I'm working through Crafting Interpreters and trying to apply what I've learned in Rust. I've got the lexer working in what feels like a reasonably idiomatic way (hooray!), but I have a feeling it could be simplified.
The main part I'm unsure about is the code for reading strings, numbers and identifiers - it feels too complex, but I wasn't able to figure out a better way of doing it.
Any other feedback would be appreciated!

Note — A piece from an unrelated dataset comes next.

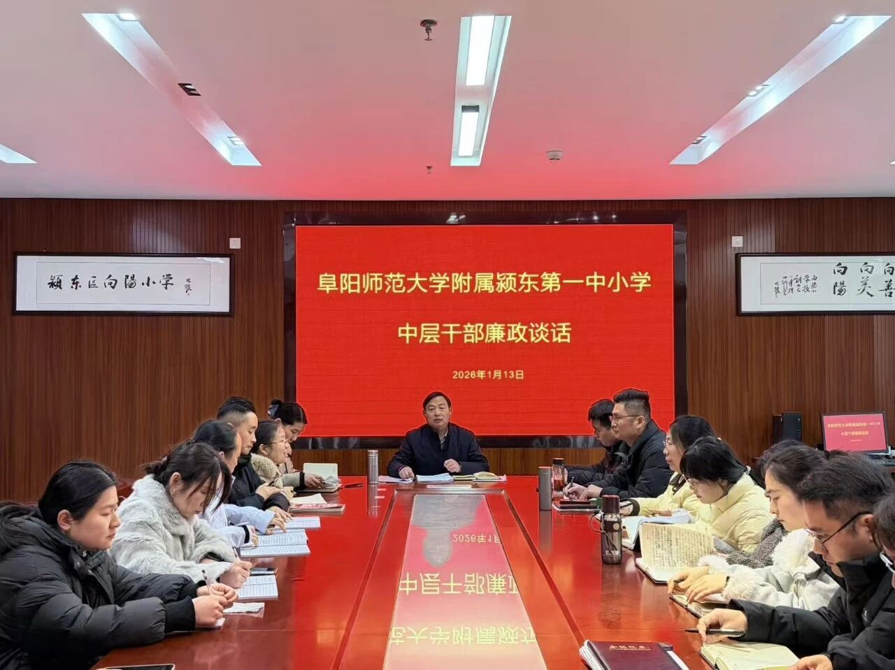 为进一步筑牢党风廉政建设思想防线,切实增强学校管理干部廉洁自律意识,1月13日,阜阳师范大学附属颍东第一中学、第一小学分别组织开展学校班子成员和中层干部廉政谈话。会议由学校党支部书记、校长李向前主持,学校班子成员和中层干部分别参加了谈话。

The full code can be found on GitHub, but there's not much there other than the lexer yet.
pub mod tokens;
use std::str::CharIndices;
use self::tokens::Token;
#[inline]
fn is_id_start(ch: char) -> bool {
ch == '_' || ch.is_ascii_alphabetic()
}
#[inline]
fn is_id_continue(ch: char) -> bool {
ch == '_' || ch.is_ascii_digit()
}
pub type Location = usize;
#[derive(Debug, Fail, PartialEq)]
pub enum LexicalError {
#[fail(display = "Invalid character '{}' found at {}", ch, location)]
InvalidCharacter { ch: char, location: Location },
#[fail(display = "String starting at {} was not terminated", location)]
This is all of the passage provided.